A new Bagle variant has surfaced using a novel technique to propogate. Rather than attach itself to an e-mail,...
the worm uses a URL in the message to download the malicious code.
Bagle-Q can also spread as an attachment but the new attack methods makes it a little worrisome. Specifically, it exploits the object tag vulnerability in popup windows in Microsoft Outlook.
Bagle-Q does some nasty things to systems after infecting them. It terminates a range of security applications including antivirus scanners and personal firewalls. It also makes several copies of itself with enticing names in folders containing "shar" so systems involved with peer-to-peer sharing would download the worm. For example, the worm copies itself as "Adobe Photoshop 9 full.exe," " Matrix 3 Revolution English Subtitles.exe" or "Windows Sourcecode update.doc.exe." The worm also tries to append itself to executable files on infected systems.
The variant also opens a backdoor on infected systems. It listens on TCP port 2556 for instructions from the attacker, who has full control over the compromised system, according to an advisory from F-Secure.
To spread, the worm searches systems for e-mail addresses in a wide range of files. It then sends out the messages containing the tainted link using its own SMTP engine. The worm spoofs the From address on the messages so it appears to come from the recipients' domain. It uses a variety of official sounding usernames such as "management," "administration," or "staff," according to Symantec.
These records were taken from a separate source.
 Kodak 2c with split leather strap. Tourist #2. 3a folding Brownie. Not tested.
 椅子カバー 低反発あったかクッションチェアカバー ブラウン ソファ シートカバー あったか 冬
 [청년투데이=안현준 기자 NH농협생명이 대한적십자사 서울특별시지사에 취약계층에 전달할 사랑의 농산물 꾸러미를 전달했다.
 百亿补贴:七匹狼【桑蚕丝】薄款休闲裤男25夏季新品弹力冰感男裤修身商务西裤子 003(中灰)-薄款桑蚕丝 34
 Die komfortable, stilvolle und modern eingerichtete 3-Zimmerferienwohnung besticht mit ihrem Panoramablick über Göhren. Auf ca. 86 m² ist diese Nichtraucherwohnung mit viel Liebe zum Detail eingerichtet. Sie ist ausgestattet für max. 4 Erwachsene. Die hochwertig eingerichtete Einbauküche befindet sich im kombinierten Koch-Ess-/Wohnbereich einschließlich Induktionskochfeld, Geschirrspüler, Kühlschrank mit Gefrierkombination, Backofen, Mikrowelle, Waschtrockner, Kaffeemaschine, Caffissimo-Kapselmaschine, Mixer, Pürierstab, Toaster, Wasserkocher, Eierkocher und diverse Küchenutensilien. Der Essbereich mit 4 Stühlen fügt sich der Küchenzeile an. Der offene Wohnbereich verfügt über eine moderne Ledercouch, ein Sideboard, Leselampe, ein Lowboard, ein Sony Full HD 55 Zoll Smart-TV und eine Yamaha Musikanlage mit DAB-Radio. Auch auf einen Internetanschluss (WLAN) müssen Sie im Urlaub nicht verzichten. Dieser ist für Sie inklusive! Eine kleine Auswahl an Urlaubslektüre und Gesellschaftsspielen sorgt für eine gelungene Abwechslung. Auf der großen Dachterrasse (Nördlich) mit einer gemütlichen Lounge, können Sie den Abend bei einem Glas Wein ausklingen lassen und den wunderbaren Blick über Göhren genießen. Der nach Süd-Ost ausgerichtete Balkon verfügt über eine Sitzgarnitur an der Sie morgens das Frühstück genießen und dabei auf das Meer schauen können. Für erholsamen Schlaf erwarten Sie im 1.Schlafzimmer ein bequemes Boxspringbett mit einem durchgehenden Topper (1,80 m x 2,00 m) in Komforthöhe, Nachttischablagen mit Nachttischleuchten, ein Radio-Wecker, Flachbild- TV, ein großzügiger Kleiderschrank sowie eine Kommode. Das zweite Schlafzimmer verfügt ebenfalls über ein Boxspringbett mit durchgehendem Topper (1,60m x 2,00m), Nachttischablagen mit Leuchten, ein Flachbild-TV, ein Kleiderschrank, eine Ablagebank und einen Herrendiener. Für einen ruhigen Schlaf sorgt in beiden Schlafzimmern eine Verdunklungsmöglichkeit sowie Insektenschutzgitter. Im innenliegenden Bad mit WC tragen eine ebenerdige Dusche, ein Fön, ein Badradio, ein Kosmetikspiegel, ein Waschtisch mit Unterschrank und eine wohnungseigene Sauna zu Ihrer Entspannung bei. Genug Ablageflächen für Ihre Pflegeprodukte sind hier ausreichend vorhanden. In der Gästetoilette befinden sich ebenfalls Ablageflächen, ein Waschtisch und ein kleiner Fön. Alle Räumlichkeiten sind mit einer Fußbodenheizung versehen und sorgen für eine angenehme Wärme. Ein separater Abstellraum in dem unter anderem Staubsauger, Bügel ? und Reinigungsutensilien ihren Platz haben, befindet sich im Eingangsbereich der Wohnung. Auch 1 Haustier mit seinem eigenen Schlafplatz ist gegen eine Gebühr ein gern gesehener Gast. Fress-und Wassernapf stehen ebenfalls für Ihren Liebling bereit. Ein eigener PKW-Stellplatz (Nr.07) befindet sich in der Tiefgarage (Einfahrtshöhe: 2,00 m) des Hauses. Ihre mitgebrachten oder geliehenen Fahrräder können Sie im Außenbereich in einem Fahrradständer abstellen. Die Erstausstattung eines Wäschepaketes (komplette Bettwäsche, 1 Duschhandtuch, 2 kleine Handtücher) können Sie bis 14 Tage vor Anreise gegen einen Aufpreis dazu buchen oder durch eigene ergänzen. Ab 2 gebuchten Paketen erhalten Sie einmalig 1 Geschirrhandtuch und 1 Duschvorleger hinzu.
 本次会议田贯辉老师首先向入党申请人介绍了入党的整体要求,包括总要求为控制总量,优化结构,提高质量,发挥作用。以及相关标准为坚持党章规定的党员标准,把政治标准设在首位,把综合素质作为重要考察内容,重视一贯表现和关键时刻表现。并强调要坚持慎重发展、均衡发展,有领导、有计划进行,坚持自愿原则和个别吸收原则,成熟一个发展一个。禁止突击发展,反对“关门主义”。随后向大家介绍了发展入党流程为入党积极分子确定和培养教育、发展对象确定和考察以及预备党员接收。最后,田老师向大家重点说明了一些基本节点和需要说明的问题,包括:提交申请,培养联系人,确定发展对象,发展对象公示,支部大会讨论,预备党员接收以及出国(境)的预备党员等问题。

Besides updating antivirus signature files, users should also consider blocking TCP port 81, both inbound and outbound, suggested Sophos. Preventing inbound traffic would mean systems wouldn't be able to spread the worm any further. Blocking outbound traffic prevents systems from downloading the Bagle-Q file in the first place. In either case, blocking such traffic won't likely affect any network services, Sophos said.